Objectives To translate known effective strategies to reduce motor vehicle-related injuries among members of Tribal communities.

Methods Effective strategies were selected from The Guide to Community Preventive Services systematic reviews. Tribes tailored, implemented, and evaluated strategies to reduce alcohol-impaired driving, increase occupant restraint, and increase child safety seat use. Each Tribe included policy, media and awareness activities in their programs.

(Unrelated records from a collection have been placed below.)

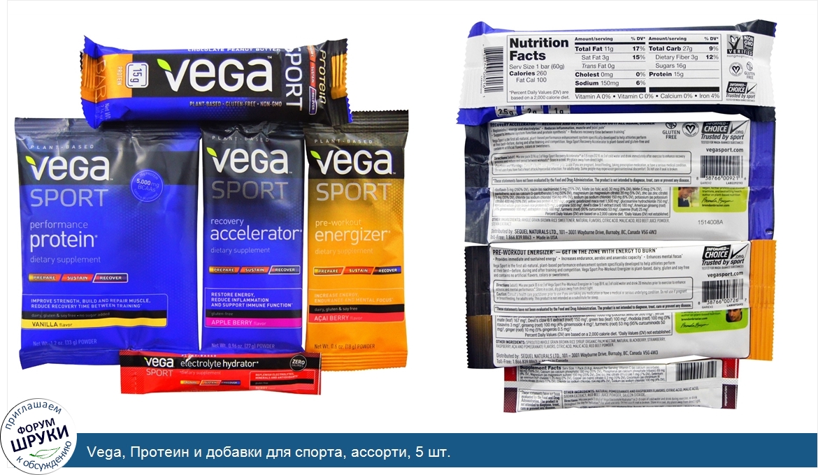 Vega, Протеин и добавки для спорта, ассорти, 5 шт.
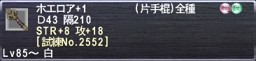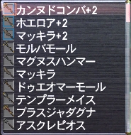 ⑨ブラスジャグダナ:練成発表後、仮面先輩と色々していた頃にふと思い立って作り上げた棍棒。WS時のみだが、DA+4%という協力なステータス付きとなって本領発揮、2本携帯しており、夢のDA率8%上昇を可能にした。
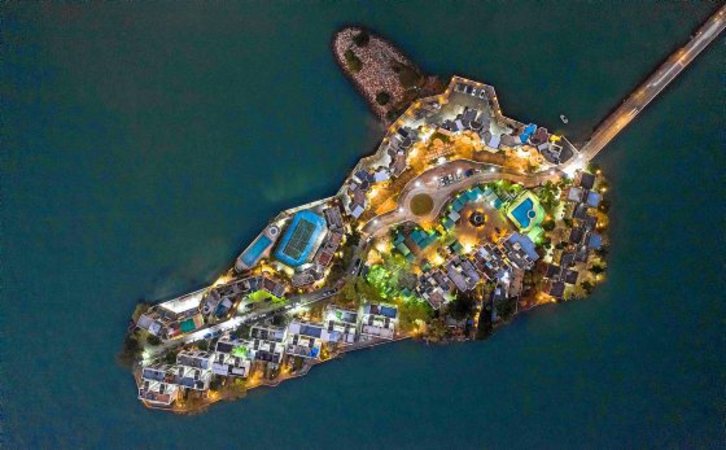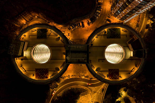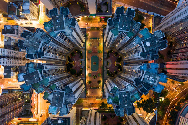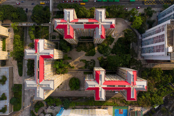 Abriendo este fotoreportaje, imagen aérea de una isla en Hong Kong. Junto a estas líneas, azoteas de varios edificios que forman singulares formas geométricas.
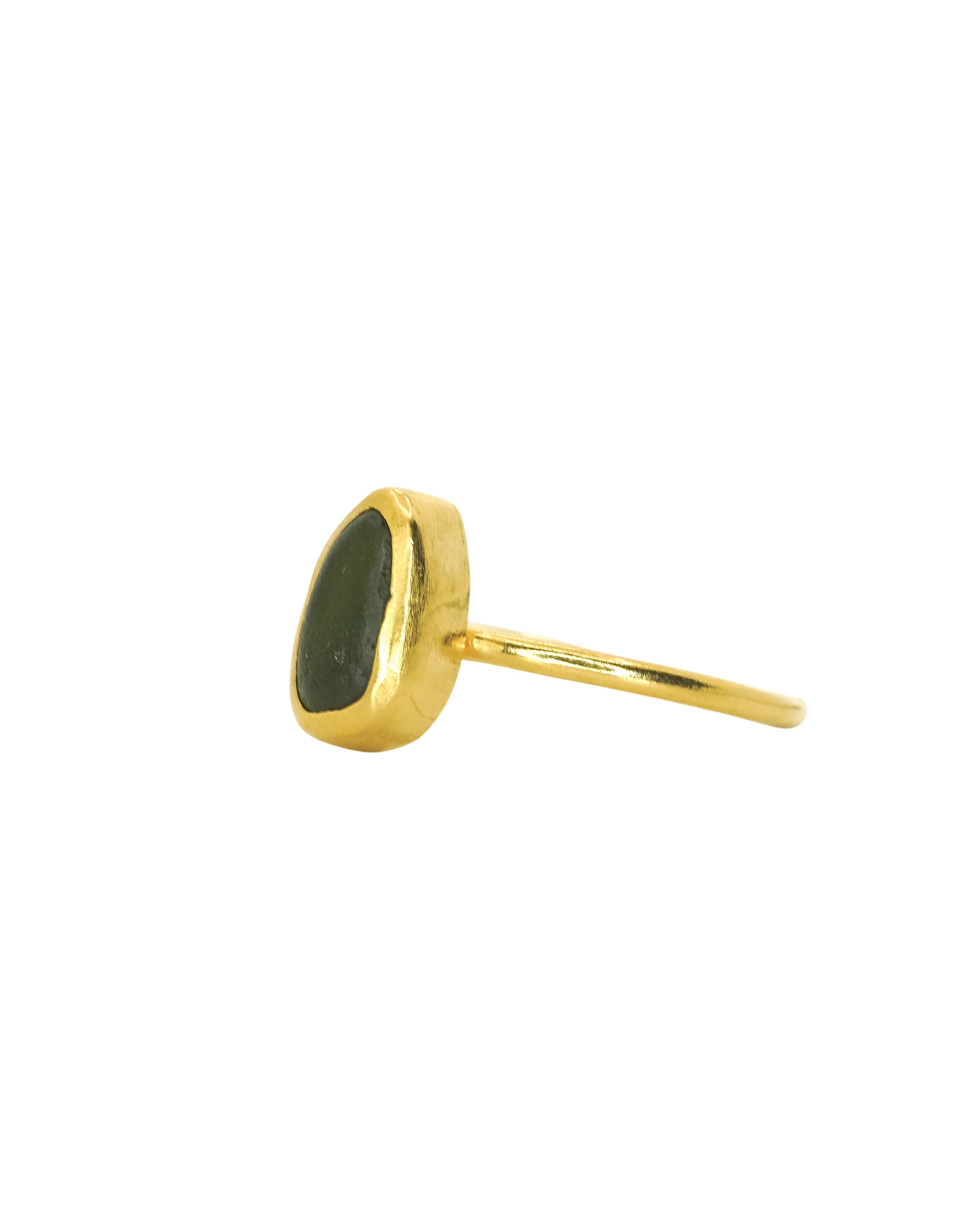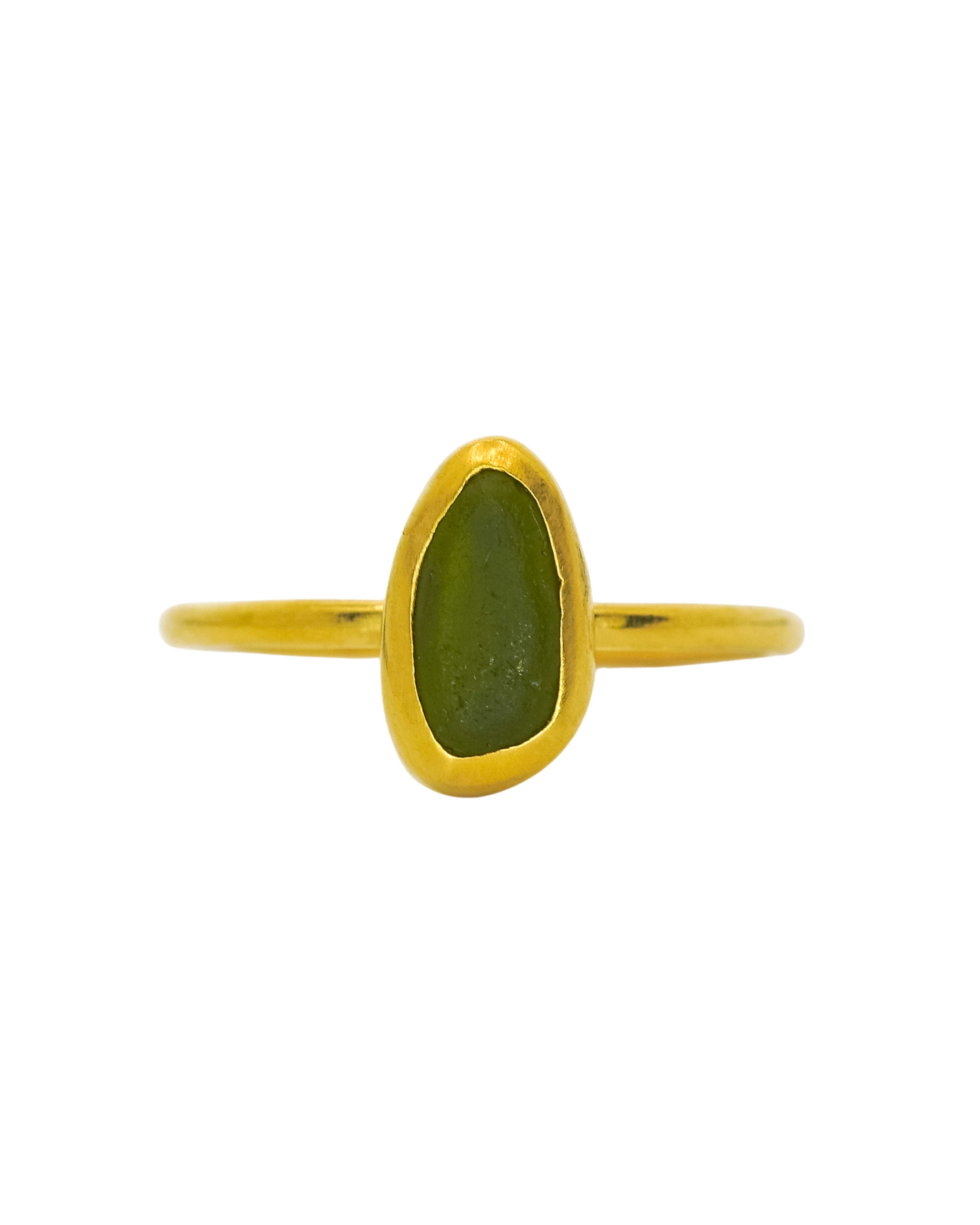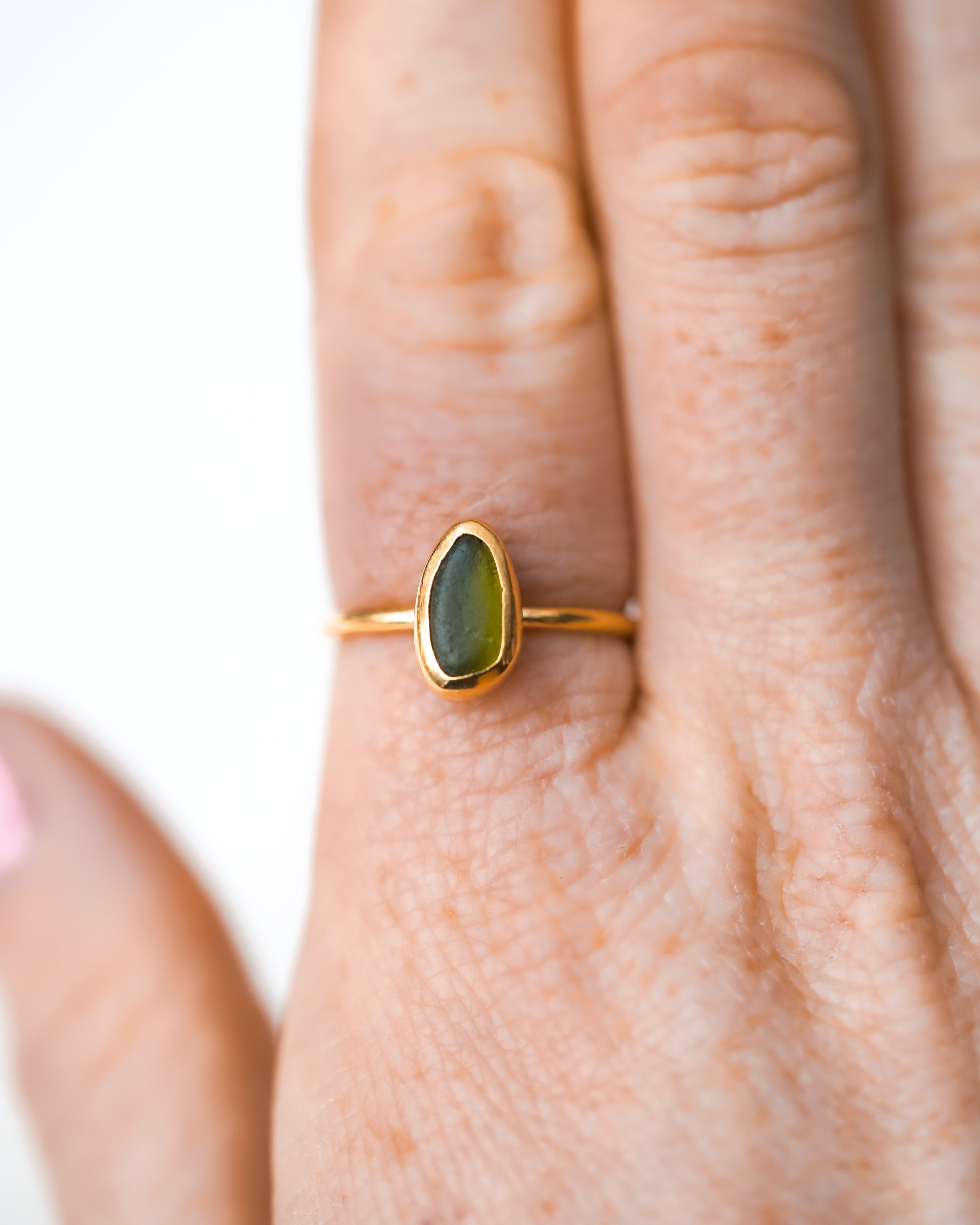 Green Sea Glass Ring - Handmade from 925 Sterling Silver plated with a 10 micron thick and hard layer of 24K (Gold Vermeil)

Results The Tribal programs have reduced alcohol-impaired driving, strengthened tribal laws, and increased occupant restraint use. As sovereign nations, the TO and the SC passed Primary enforcement seat belt laws and lowered the legal limit for alcohol to 0.08 BAC while driving. The TO has increased their seatbelt use by 73%. The SC has increased DUI arrests by 52%, and decreased crashes by 29%. The WM has increased driver seat belt use from 13% to 54%, and the HC has increased seat belt use 38% for drivers and 94% for passengers.

Conclusions These multi-component programs have produced a model for use in other Tribes. Lessons learnt from these programs will allow for improved implementation as strategies are disseminated to other American Indian communities.